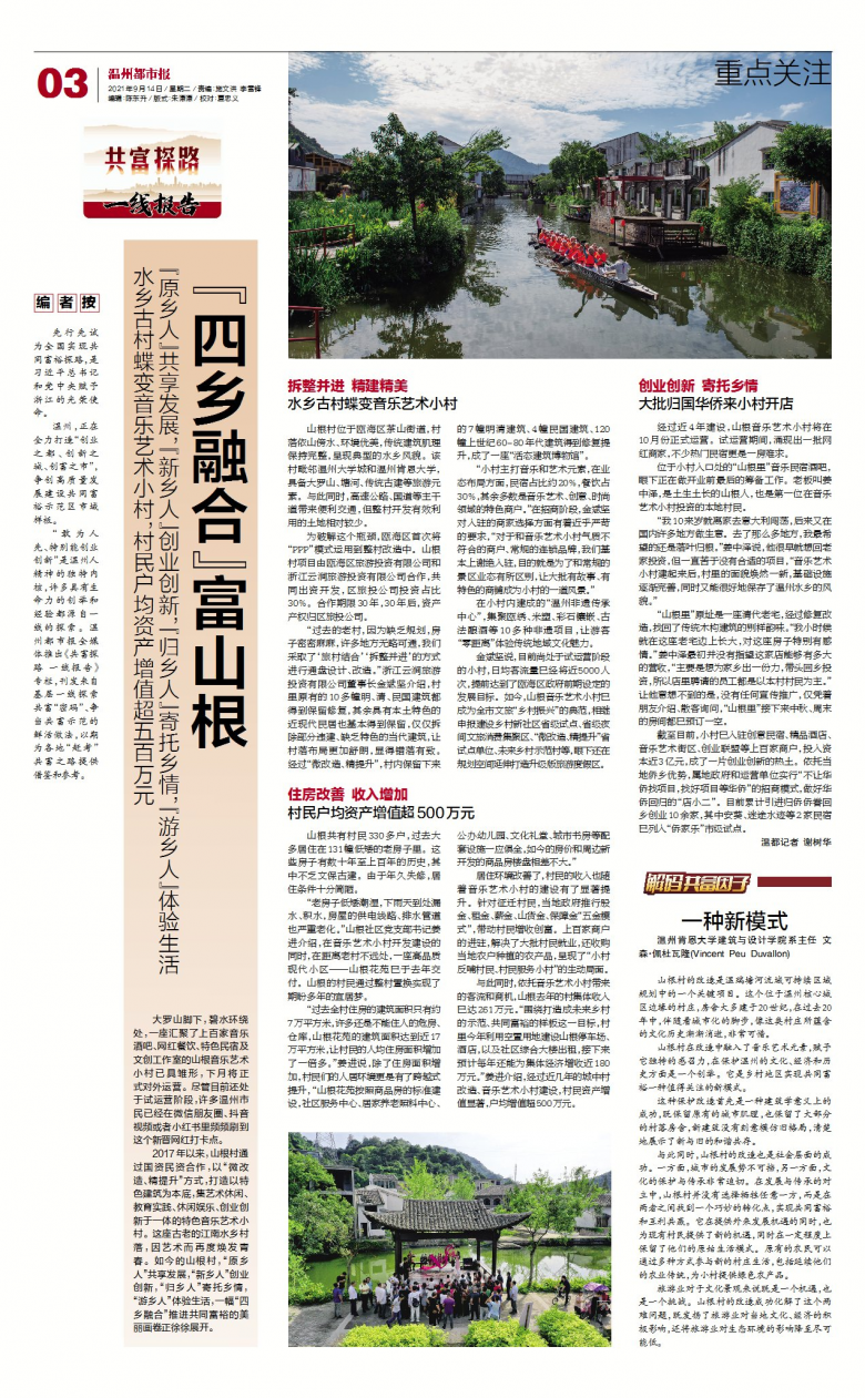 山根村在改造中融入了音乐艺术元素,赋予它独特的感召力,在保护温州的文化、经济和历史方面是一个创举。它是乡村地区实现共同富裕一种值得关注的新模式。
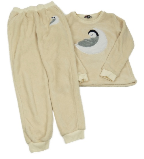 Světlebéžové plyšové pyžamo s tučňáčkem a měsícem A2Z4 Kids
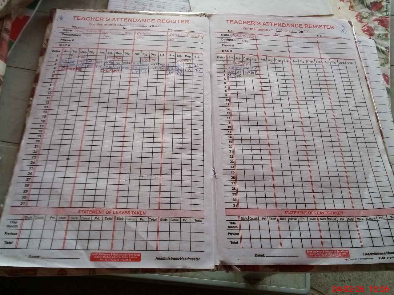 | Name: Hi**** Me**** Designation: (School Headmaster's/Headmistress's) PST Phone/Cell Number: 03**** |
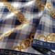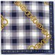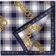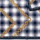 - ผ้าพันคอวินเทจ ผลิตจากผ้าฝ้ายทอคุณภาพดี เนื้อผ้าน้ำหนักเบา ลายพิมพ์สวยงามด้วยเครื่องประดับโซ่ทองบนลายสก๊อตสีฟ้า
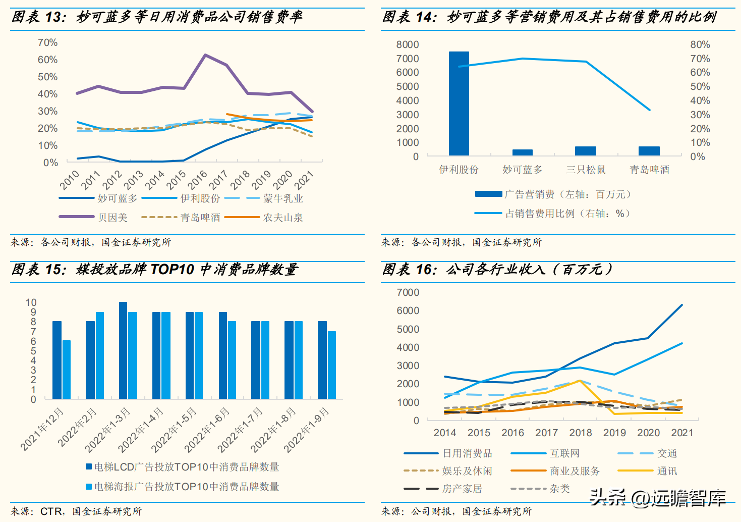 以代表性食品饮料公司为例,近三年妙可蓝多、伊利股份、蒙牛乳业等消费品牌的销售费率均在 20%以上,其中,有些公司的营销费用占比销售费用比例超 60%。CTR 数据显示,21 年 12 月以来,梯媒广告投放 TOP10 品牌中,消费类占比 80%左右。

### Task brief
Go through the records and repeat each one exactly, skipping anything that is a picture.

### Answer below
 山根村在改造中融入了音乐艺术元素,赋予它独特的感召力,在保护温州的文化、经济和历史方面是一个创举。它是乡村地区实现共同富裕一种值得关注的新模式。
 Světlebéžové plyšové pyžamo s tučňáčkem a měsícem A2Z4 Kids
 | Name: Hi**** Me**** Designation: (School Headmaster's/Headmistress's) PST Phone/Cell Number: 03**** |
 - ผ้าพันคอวินเทจ ผลิตจากผ้าฝ้ายทอคุณภาพดี เนื้อผ้าน้ำหนักเบา ลายพิมพ์สวยงามด้วยเครื่องประดับโซ่ทองบนลายสก๊อตสีฟ้า
 以代表性食品饮料公司为例,近三年妙可蓝多、伊利股份、蒙牛乳业等消费品牌的销售费率均在 20%以上,其中,有些公司的营销费用占比销售费用比例超 60%。CTR 数据显示,21 年 12 月以来,梯媒广告投放 TOP10 品牌中,消费类占比 80%左右。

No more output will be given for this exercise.